Uchronian timeline, highlighting the alternative choices leading to a new algorithm

Beyond the result of this algorithm reconstruction, the discussions shone the light on several tension points that may happen in actual, ‘real’ projects.

First, most of the project teams in charge of developing such systems often find themselves executing decisions taken by their hierarchy, with very little to no room for manoeuvre to question an algorithm’s implementation or to negotiate its modalities. This often comes together with a lack of diversity within the teams, making it difficult to take a step back and take a critical look at these projects.

The second point is the ‘chaos dilemma’. The inclusion of problems encountered by public services and their workers happen late in the game, hence their answer must happen immediately. Their backs against the wall, public servants are often forced to accept algorithmic systems as the only viable option to deal with problematic situations in a quick and efficient manner.

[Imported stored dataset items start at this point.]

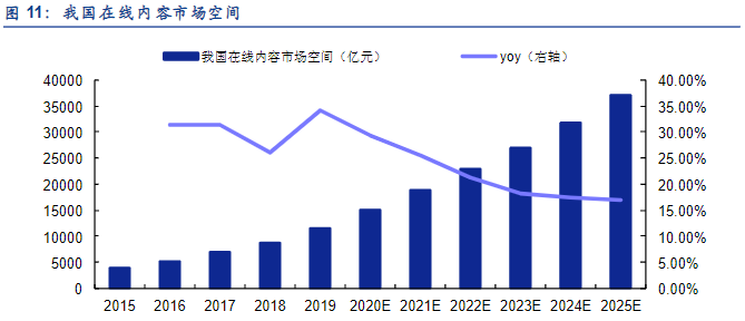 在线内容社区以不断增长和高质量的用户流量、技术实现的高营销效率以及创新的广告格式吸引广告商,使得2019年我国在线广告收入总额达到6658亿元,预计将于复合年增长率18.5%的增速增至2025年的18万亿元。其中在线内容社区的在线广告收入于2019年已达到1095亿元,并预计以复合年增长率29.2%的增速进一步增至2025年的5105亿元。
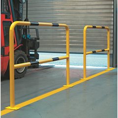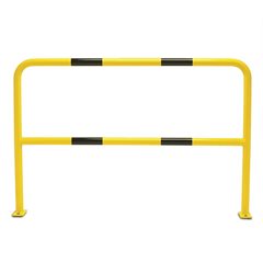 Stahl-Schutzbügel zum Sichern von Gefahrenzonen. Für innen und außen. Zur Absicherung von Personenverkehr, Maschinenschutz, Abtrennung von gefahrgeneigten Arbeitsbereichen. Gebogenes Stahlrohr mit zusätzlicher Knieleiste. Gelb beschichtet, schwarze Signalstreifen. Rohr: Ø 48 mm, Wandstärke 2 mm. Zum Aufdübeln: Bodenplatten 70 x 160 x 10 mm.
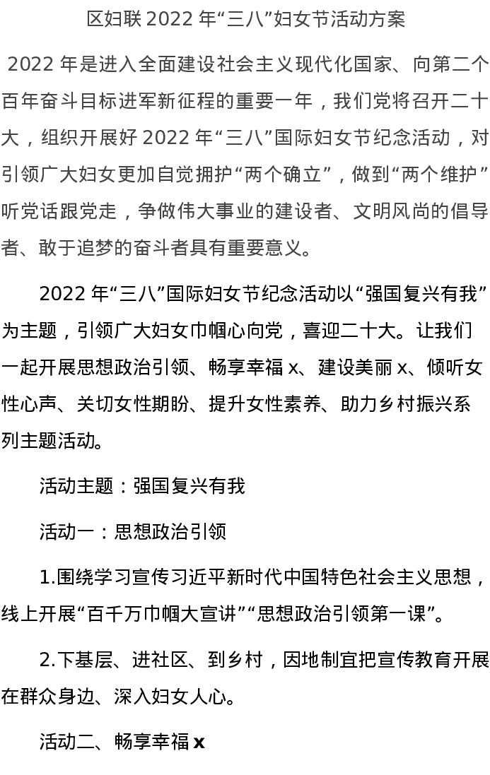 方案:区妇联2022年“三八”妇女节活动方案
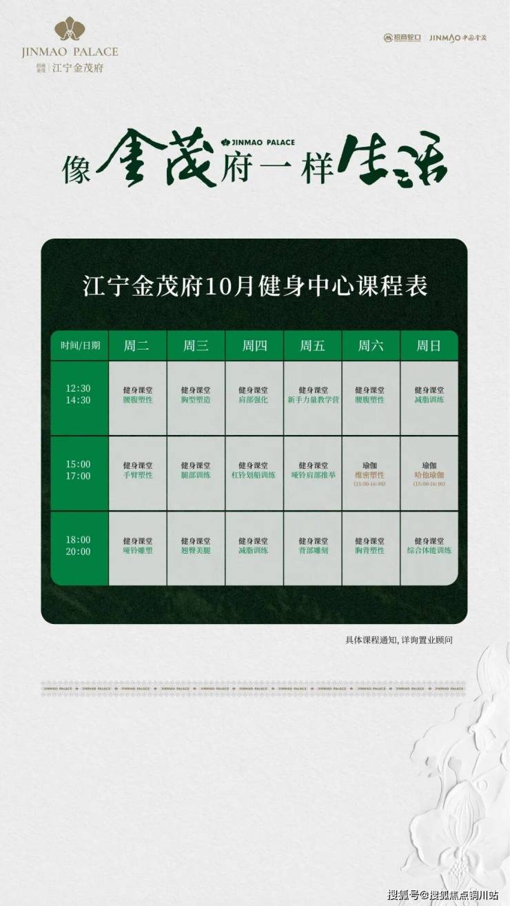 更值得强调的是,业主“前脚”签约,“后脚”就能体验服务。根据10月会所运营课程表,周二到周日,业主可选择游泳、瑜伽、尊巴、减脂训练等丰富课程。谁看了都得感慨,江宁金茂府的业主也太幸福了!

Last but not least, this emergency approach finds itself in a project timeframe that is too short and rushed to allow the inclusion, from its conception, of all or part of the bias and ethical issues that may result from the algorithm’s implementation. Facing the emergency, the teams only focus on the technical challenge of the algorithm and the launching of a functional tool, but don’t think about or don’t have the time to anchor their approach with a broader consultation process – getting the future users to participate with a co-conception approach, or gather the opinion of people who will submit to this system.

Going further in exploring the imaginaries related to public algorithms

This workshop was the first step into this exploratory work and was completed with a survey over January 2021. This survey allowed to gather broader feedback on the imaginaries identified during the workshop.

All thoughts and imaginaries have nourished a work of design fiction, with the production of six scenarios that explore the future of public algorithms.